Though Daddy never fully admitted the crime, he left no doubt in my mind that he was guilty. But he was seventy years old and I didn’t want him to go to prison. So the next day I consulted with a friend from high school, Mike Doughty, who was a social worker. He recommended that, because Daddy’s caseworker was on vacation, I talk with the caseworker’s supervisor instead and urge him to honor the agreement Daddy had described. I did so, and the supervisor assured me that the charges would be dropped. Later, they were.

I left Harper with an empty feeling in the pit of my stomach. In my own mind, I basically disowned the Hudson family. I had long ago lost any sense of attachment to them. This discovery was the final straw.

Sometime later, I learned that my father had engaged in similar behavior with my older sister Sally when she was about the same age. When Mother found out about it, she was outraged – though, overtly, she blamed Sally! It must have been because of that incident that she told me she was thinking about divorcing Daddy. No wonder!

Still, I loved my father and continued to visit him occasionally, often with other family members. Daddy and I pretty much talked only about sports and politics. He was basically a right-wing populist. He hated “the Rockefellers” as much as I did.

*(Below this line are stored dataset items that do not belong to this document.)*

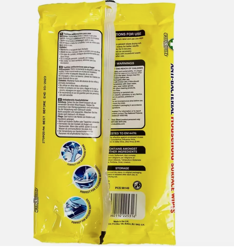 Anti Bacterial Household Surface Wipes 250 XL Wipes
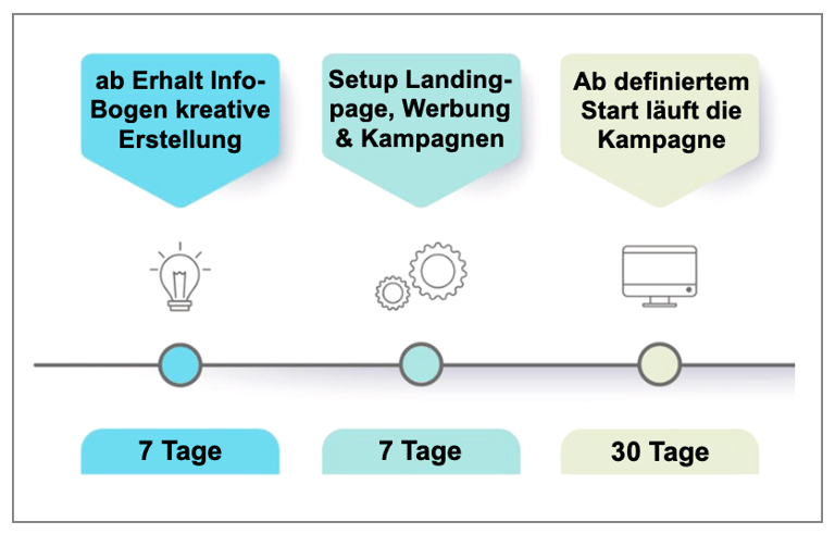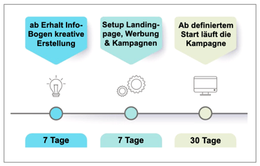 Wenn uns der ausgefüllte Fragebogen vorliegt, dann benötigen wir ab dem Zeitpunkt ca. eine Woche für die Erstellung der kreativen Inhalte für die spezielle Landingpage für Sie und für die Inhalte und Bilder für die Werbekampagne.
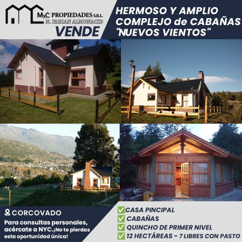 ¿Estás buscando un lugar increíble para desconectarte y disfrutar de la naturaleza? Estudio FLAMIG tiene la solución perfecta para vos. ¡Estamos vendiendo un hermoso complejo de cabañas llamado "Nuevos Vientos" en Corcovado! Casa principal
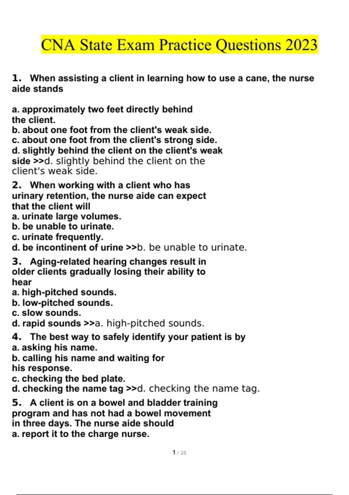 CNA State Exam Practice Questions and Answers Latest [100% correct answers]
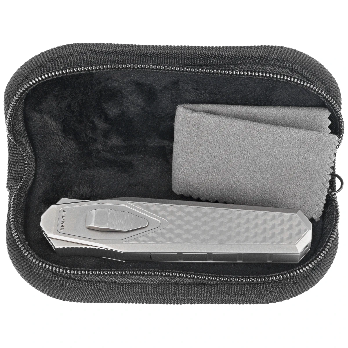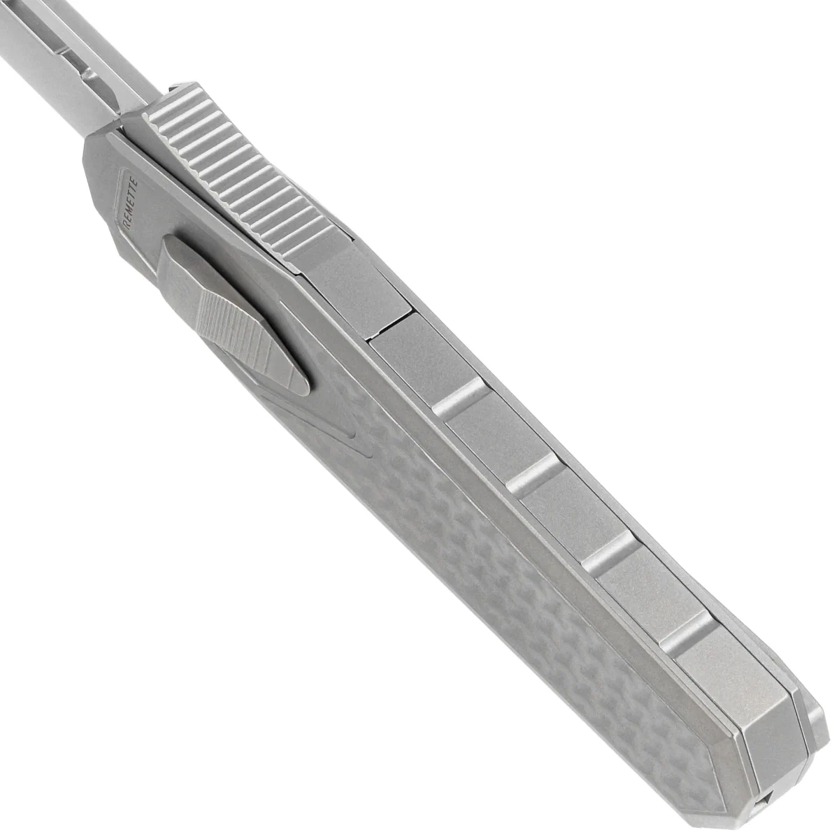 - Swordfish Titanium / Copper Carbon Fiber, Pearlescent. Innowacyjny nóż z młodej manufaktury Remette Knives. OTF z wysuwanym dzięki sile grawitacji ostrzem ze stali Böhler M390. Rękojeść z tytanu z nowatorskim systemem uwalniania ostrza za pomocą suwaka
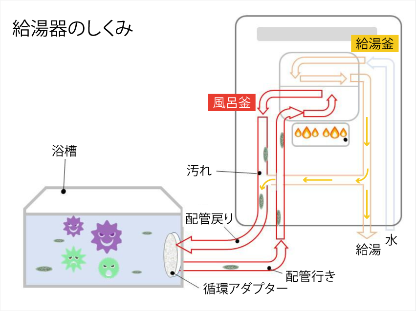 浴槽に溜まったお湯が「風呂釜配管」を通り、「風呂釜」で温められて再び浴槽に戻ってきます。
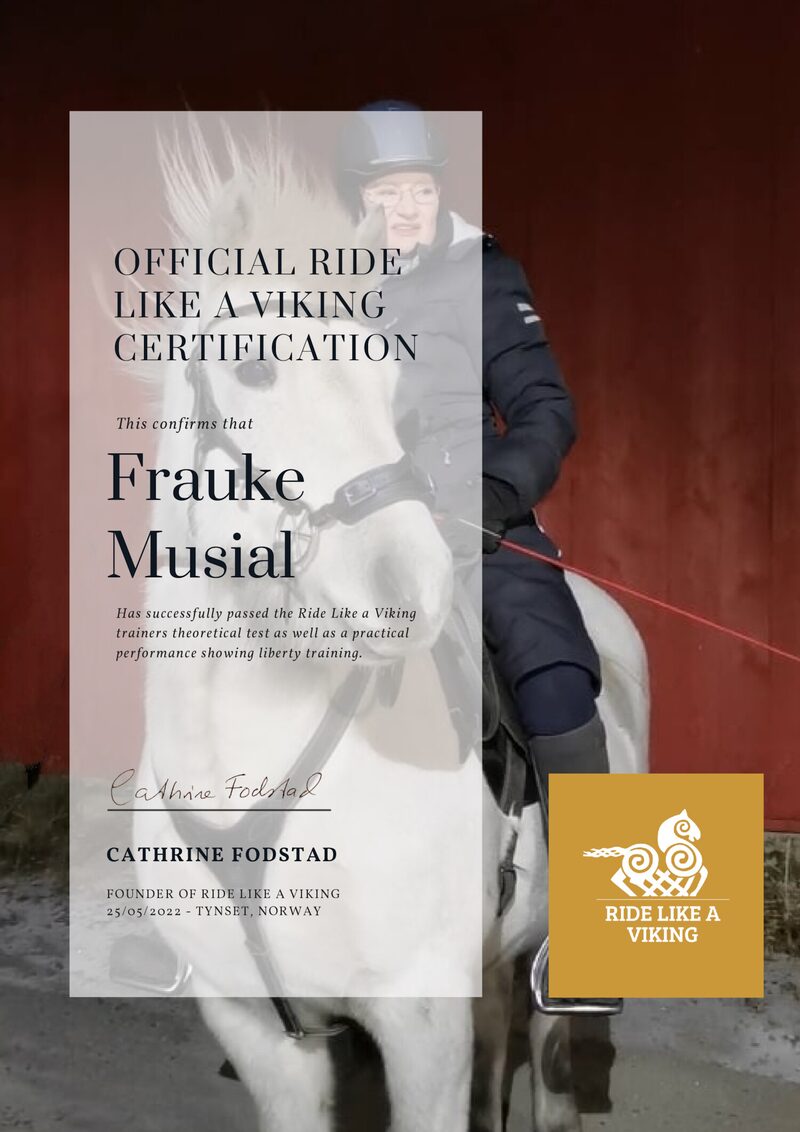 Cathrine Fodstad, die das Programm „Ride like a Viking“ entwickelt hat, ist Pferdetrainerin mit einem Diplom des renommierten Holar University College, Reykjavik, Island. Sie verfügt damit über einen der weltweit ganz wenigen Hochschulabschlüsse zu diesem Thema. Darüber hinaus ist sie zertifizierte Reitlehrerin des Norwegian Equine Center. “Ride like a Viking” ist weniger ein Programm als eine gewaltfreie Trainingsphilosophie, die auf wissenschaftlicher Evidenz (z.B. Lerntheorie), Kommunikation und Vertrauen zwischen Pferd und Mensch basiert. Ein Ansatz, den ich als ParaReiter sehr nützlich fand weshalb ich mich zum Trainer und Ausbilder dieser Methode weitergebildet habe.

The last long conversation we had before he died was when Ralph Nader was running for President in 2000. He asked me who I liked. I told him I hoped Nader would get 5% of the vote to qualify the Green Party for federal funding during the next election, since that would give Nader a platform for promoting his ideas. Daddy said he agreed with me. I was thrilled and relieved. Other than our shared disdain for “the Rockefellers,” this was more than we had ever agreed on anything in connection with politics, and he was eighty-eight years old.

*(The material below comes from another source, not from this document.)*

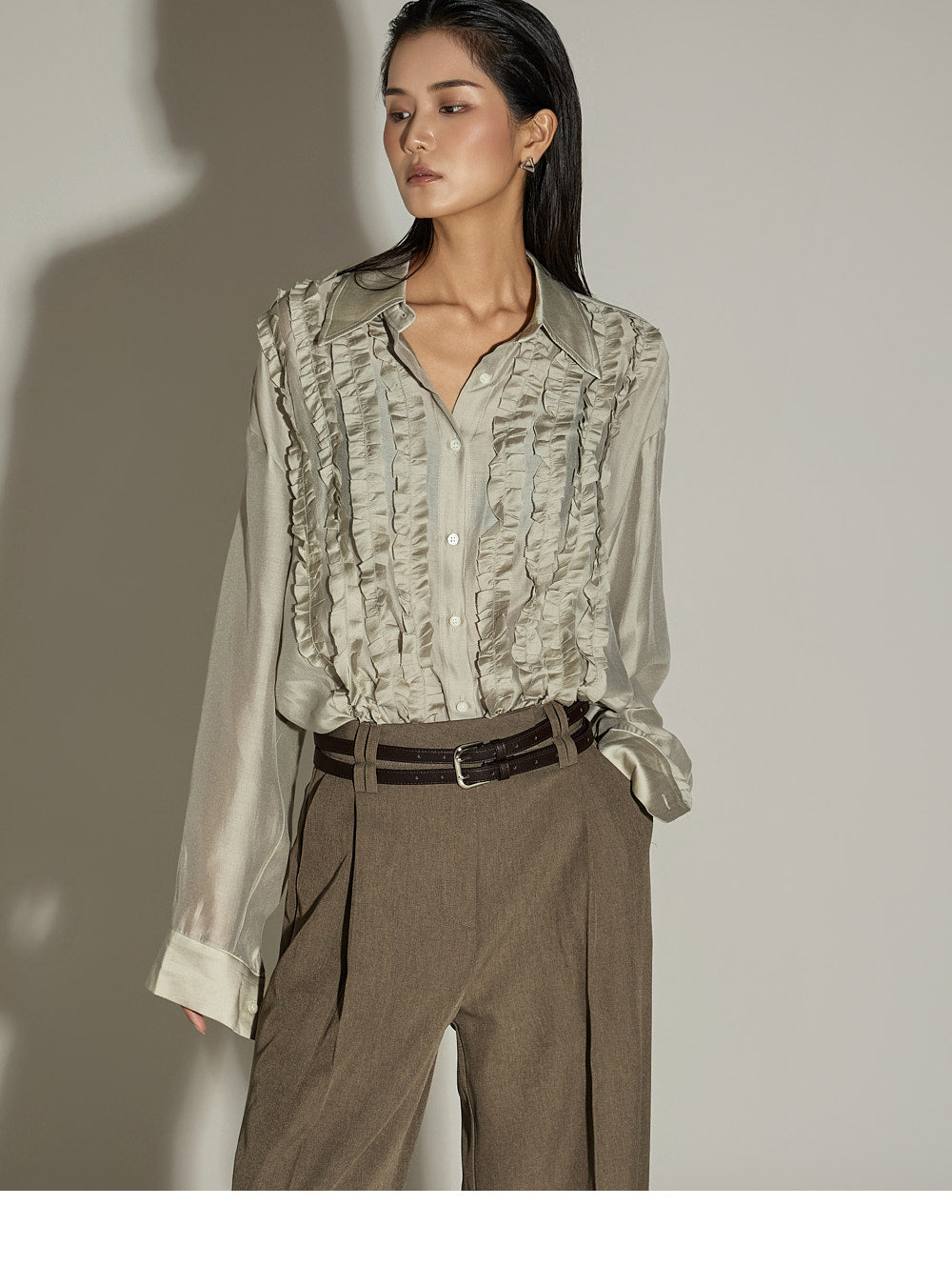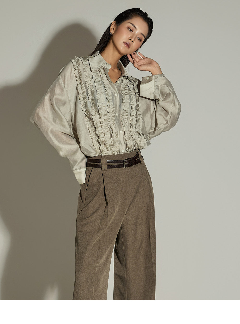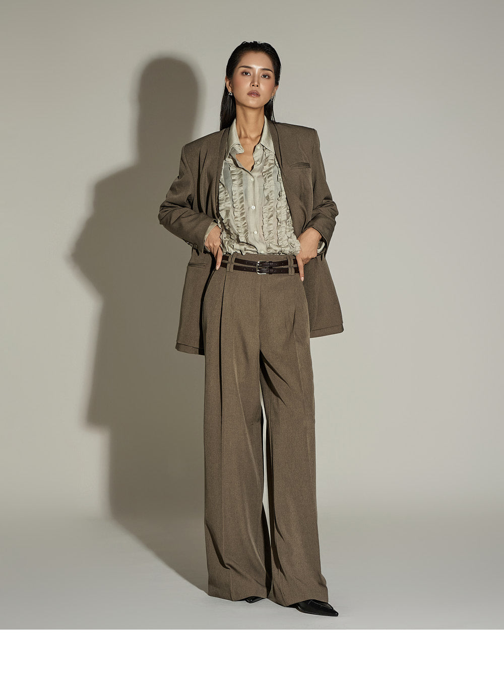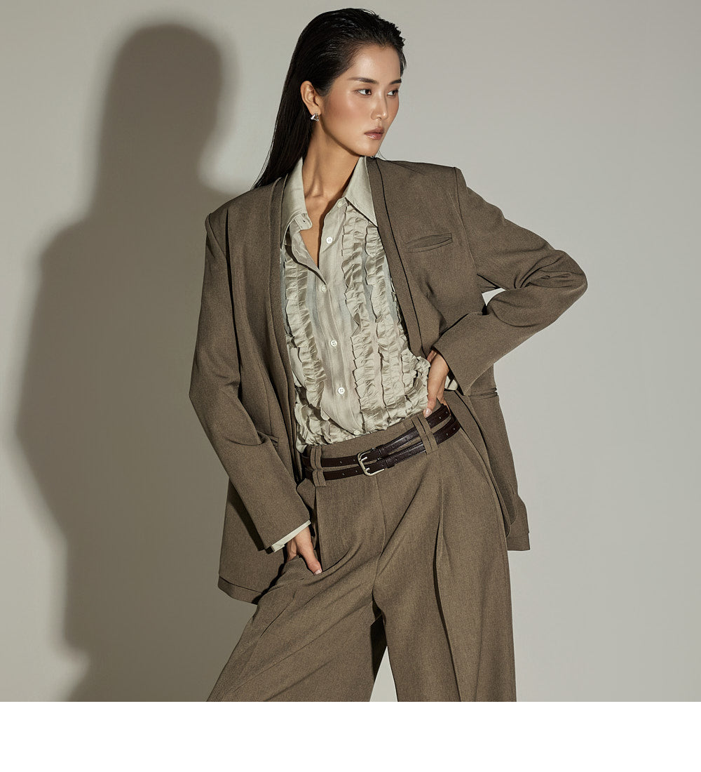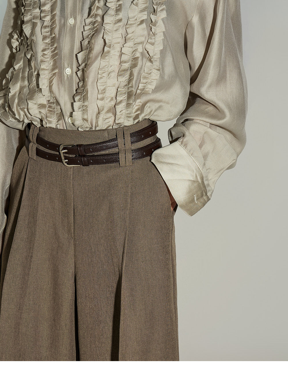 The wide silhouette and front pintuck detailing

In the end, Daddy died a long slow death as a victim of Parkinson’s disease. Over the years, he got more and more stiff. The last time I visited him, he seemed to be frozen solid. Lying with his back to me, he said, “Son, do you ever cry?” I said, “Yes, I do from time to time.” He replied, “Well, so do I.”

After a while, he said, “I feel I was not a very good father.” I answered, “You did the best you could.” I could also have told him that I appreciated his repeated support for my independence, and that I had picked up from him his moral concerns, his interest in politics, and his dedication to hard work.

Prior to the funeral in Dallas, the wife of one of my cousins brought the scalp massager to the house and laid it on the floor by the door, which came across to me as a statement of disgust about Daddy’s sex abuse.

When Uncle George and I were alone in the living room, I asked him if he knew why Daddy and Mother had moved to Arkansas. He didn’t say a word. Instead, he got up and left the room.

Not many people came to the funeral. When I arrived, I sat down next to George, feeling close to him and sympathizing with his loss. He moved away to another seat. I can only guess why. I assume he disapproved of my religion, my politics, and my life style. And he probably thought I had not been a good son.

Since Wilma had warned me not to say too much, I said only a few words at the service. So did Sally and a few other people. Then, with Wilma’s three sons and some other family members, we scattered Daddy’s ashes at a golf course, the field of green where he played out one of his greatest passions.

When I headed back to California, I swore I’d never set foot in Texas again.